The business implications for artificial intelligence (AI) are significant, driving gains end-to-end across industries and functions. In the healthcare industry, the promise of AI has been getting the attention of investors. The AI healthcare market is expected to grow from $2.1 billion in 2018 to $36.1 billion by 2025,1 and companies in healthcare AI received $5.8 billion in equity funding from Q1’12 to Q1’19.2 There is a great sense of urgency around the topic, as nine out of ten executives agree that AI represents a business opportunity for their organization.3
In a recent survey, 82%4 of MedTech leaders indicated that AI is important to their company, putting them in the ranks of executives in the software (88%) and consumer (80%) industries and well ahead of their pharma/biotech peers (50%) (figure 1). Among this group of MedTech leaders, 55% reported currently undertaking AI initiatives in their organization vs. 58% in software, 50% in insurance, 27% in pharma/biotech and 22% in consumer illustrating that there is a large gap between the demand for AI and its implementation. To close this gap, executives need to recognize that implementing AI is not just about the technology and that an investment in AI talent is also necessary.3
AI promises to be a powerful tool in MedTech. It has the opportunity to vastly improve the current medical system by solving problems around the shortage of healthcare professionals, enabling physicians to improve their accuracy of disease diagnosis, and improving patient treatments, recommendations, and ultimately outcomes.5
Unlike most industries, in MedTech, AI is not confined to the sales and operations ends of the value chain (figure 2).

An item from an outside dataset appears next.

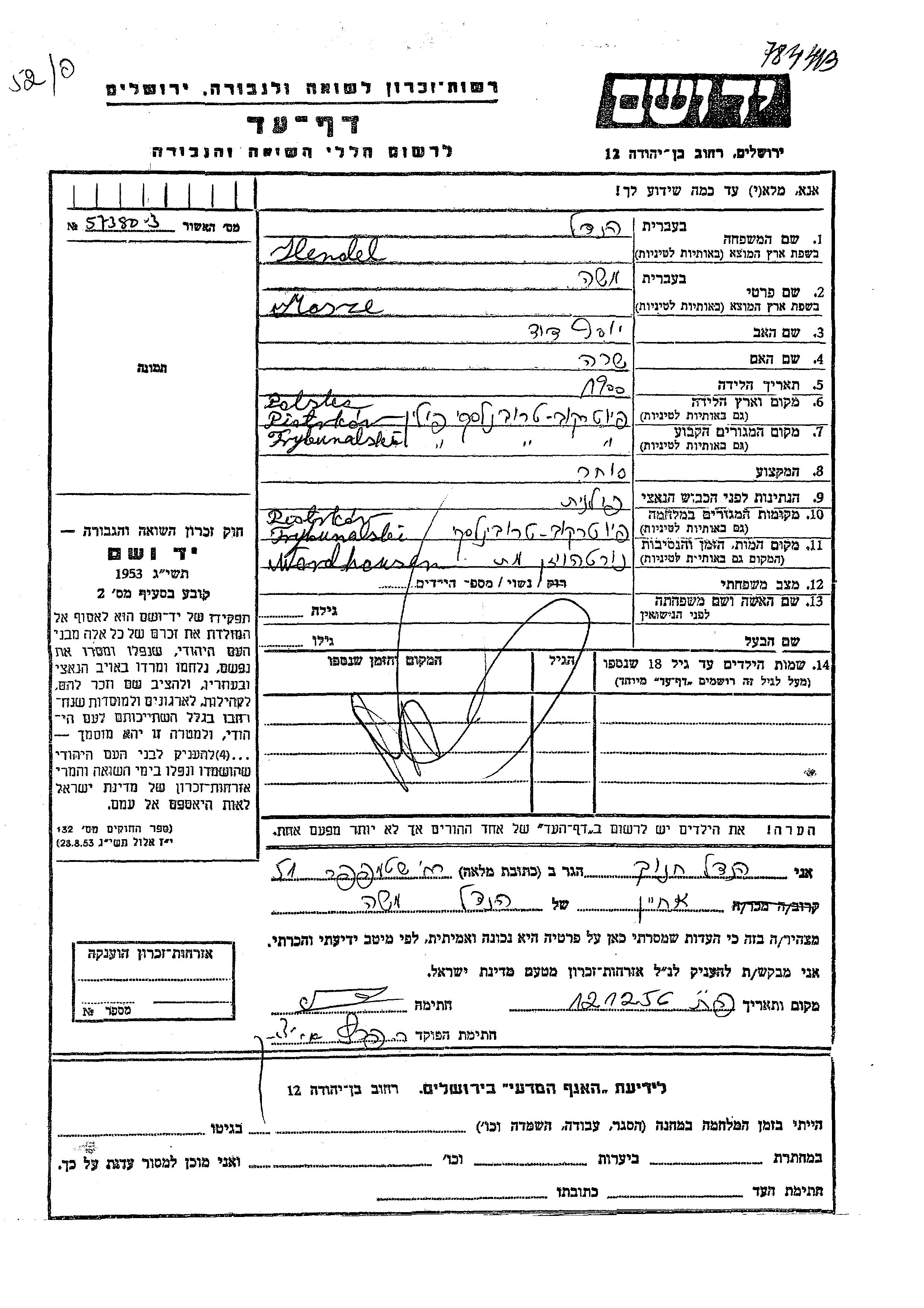 Mosze Hendel wurde im Jahr 1900 in Piotrkow Kujawski, Polen geboren. Er war der Sohn von Yosef David und Sara. Er war Kaufmann/-frau und Verheiratet. Vor dem Zweiten Weltkrieg lebte er in Piotrkow Kujawski, Polen. Während des Krieges war er in Piotrkow Kujawski, Polen.

Developments in AI technology have made it a viable enabler of solutions related to research and development, clinical decision making, and disease diagnostics and management, leading to even bigger innovation potential and promise for AI in the industry.

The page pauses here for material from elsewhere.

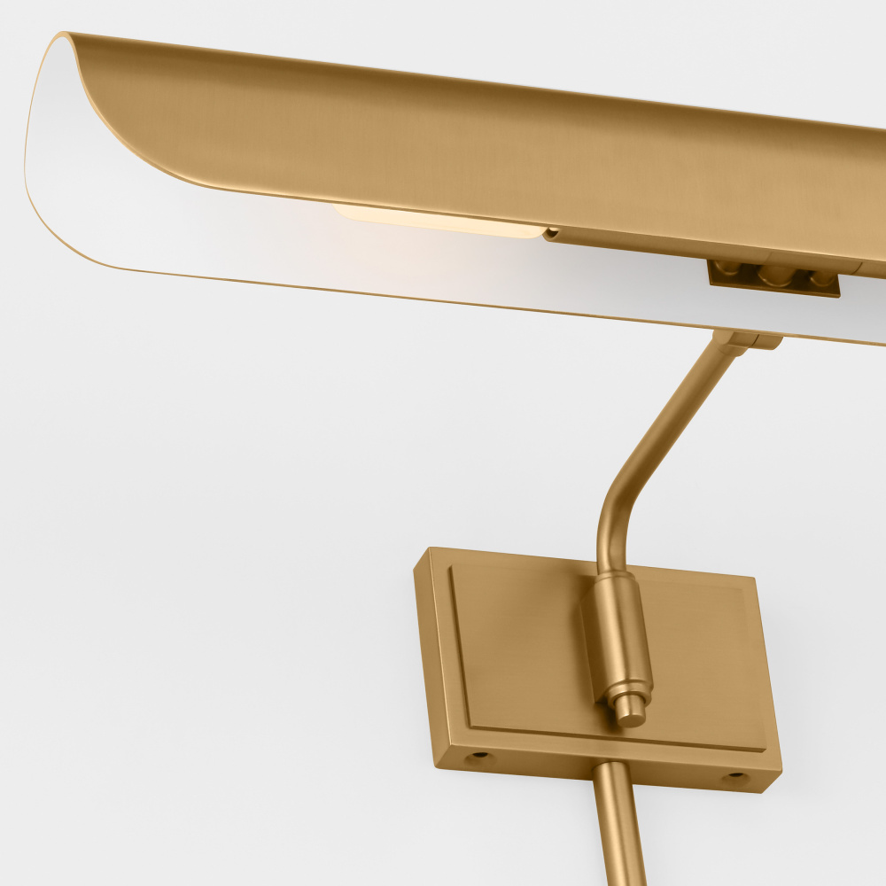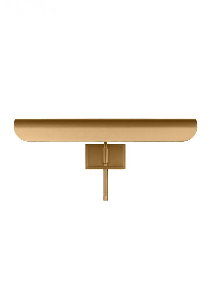 Inspired by a ship's outer hull, the Hull series by Chapman & Myers has a unique shade of these picture lights made from a single piece of metal bent into a cylindrical form. These picture lights have an open-ended design directing light both down and to the sides. A subtle horse saddle design and double barrel back-plate detail that pivots in the direction needed. Available in three sizes and two finish options.

Within the broader MedTech landscape, there is a subset of organizations whose core business models are being disrupted by AI. At the forefront of this subset are diagnostics and imaging companies who are building and scaling AI capabilities throughout their end-to-end value chains. They are changing their existing business and services models and introducing new solution models centered around data centers and software. The revenue models of these organizations are also shifting, increasingly including operating expenditure versus their historical focus solely on capital expenditure.
An appreciation of AI is high among MedTech leaders, yet a unique set of challenges accompanies the opportunity when applying AI to clinical functions, such as patient diagnostics, or non-clinical functions, such as supply chain. Russell Reynolds had conversations with MedTech AI leaders who shared their most critical challenges and considerations with us. Challenges around talent as it relates to AI emerged as a key theme that we will discuss in more detail below.

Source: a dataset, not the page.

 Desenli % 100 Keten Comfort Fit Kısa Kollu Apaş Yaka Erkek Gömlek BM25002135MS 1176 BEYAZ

First, we dive into the talent challenges and solutions shared regarding competition from new entrants and more advanced AI industries, talent scarcity, MedTech’s traditionally slower hiring processes, and their more conventional team structures and cultures.
Second, we describe the distinct paths toward building and integrating AI expertise within the MedTech organization revealed by our conversations with AI leaders.
Talent challenges and solutions
MedTech companies with a commitment to implementing AI understand that success is built upon having the best talent in their ranks. In a sector where the demand for AI talent exceeds the supply, they are confronted with many challenges in making this happen. According to MedTech AI leaders, the most significant talent challenges in the space are:
Competing with the allure of other sectors for a limited supply of AI talent. Positions with tech and software giants often come with the prospect of living in a large metropolis and high salaries, areas where MedTech companies are traditionally less competitive. However, MedTech companies have a competitive advantage by giving AI professionals the opportunity to innovate in both software and hardware. Moreover, the industry speaks to mission-driven individuals who want to make a difference in a purposeful environment through a joint passion for healthcare.
Slower processes in MedTech can hinder and deter. Even when strong AI candidates are interested in MedTech, the length of the sector’s hiring processes can force a candidate to accept the “offer in hand” from a company with a more agile hiring process. Furthermore, job specifications often come with a directive to find people who have had exposure to regulated industries, limiting the candidate pool.
From another process angle, the highly regulated environment and longer time-to-market may make the overall healthcare industry less attractive to AI experts as more stands between the mandate of an AI expert’s work and the final product.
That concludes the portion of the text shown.